Turn-around-time (TAT) is an important variable to take into account in clinical diagnostics. We opted for the IonPGM in our institutes since benchtop sequencers, like the Ion PGM or the MiSeq only need hours to generate sequence data. In combination with a sample preparation that is fast, like the Ion AmpliSeq™ gene-panel presented here, the TAT from DNA isolation to results is between 48 and 72 hours. While this may not be as fast as some conventional methods, it is adequate for most routine clinical applications.
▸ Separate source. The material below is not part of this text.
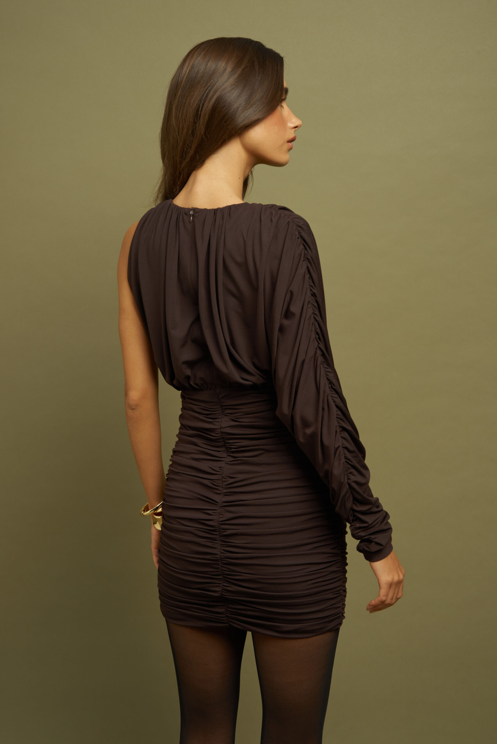Sukienka Geneva to model o dopasowanym kroju z efektownym drapowaniem i asymetrycznym rękawem. Wykonana z elastycznego materiału, który idealnie układa się na sylwetce. Świetna propozycja na wieczorne wyjścia.

An additional important consideration is cost. NGS in general is cheap if costs are calculated per sequenced base. However, clinical diagnostic laboratories do not need to sequence hundreds of genes (yet), and neither can they afford to batch numerous samples because of the short TAT needed for clinical specimens. It is therefore important that the sequencing capacity of the NGS platform is flexible and can be adjusted based on the requirements per experiment (e.g. the number of clinical specimens may vary from day to day). A second consideration is that the available sequence capacity on the chip is efficiently used. Since our custom panel specifically investigates genetic aberrations of interest for CRC and NSCLC, the required sequencing capacity for our panel is smaller compared to commercial panels that have been designed for a broad spectrum of cancers. We estimate the bill of materials costs between €130 and €175 per sample (excluding sales tax, depreciation and overhead costs) using the re-designed panel. While this may be higher compared to a single conventional diagnostic test, it is actually a lot cheaper considering that the NGS approach replaces multiple conventional tests (Additional file 6: Table S5 and [18]).

Conclusion

The rapidly changing landscape in the field of tumor molecular characterization requires the analysis of an increasing amount of targets. With the availability of fast bench top sequencers such as the Ion Torrent PGM, massive parallel sequencing becomes available for clinical laboratories. Here we showed that the development and validation of new tests is feasible with a multi-lab effort, and believe it will facilitate the introduction of these tests into clinical settings. We also demonstrated that implementation of massive parallel sequencing using dedicated gene-panels can be fast, cost-effective and accurate. More importantly, this novel approach might facilitate the adoption of a molecular classification of lung and colon carcinoma in clinical research, thus improving the possibility to identify tumors carrying actionable molecular alterations. Finally, we want to highlight that organization of consortia similar to the one that we established in this study might represent a novel approach to have a rapid, un-biased validation among academic Institutions of new testing methods in a clinical scenario.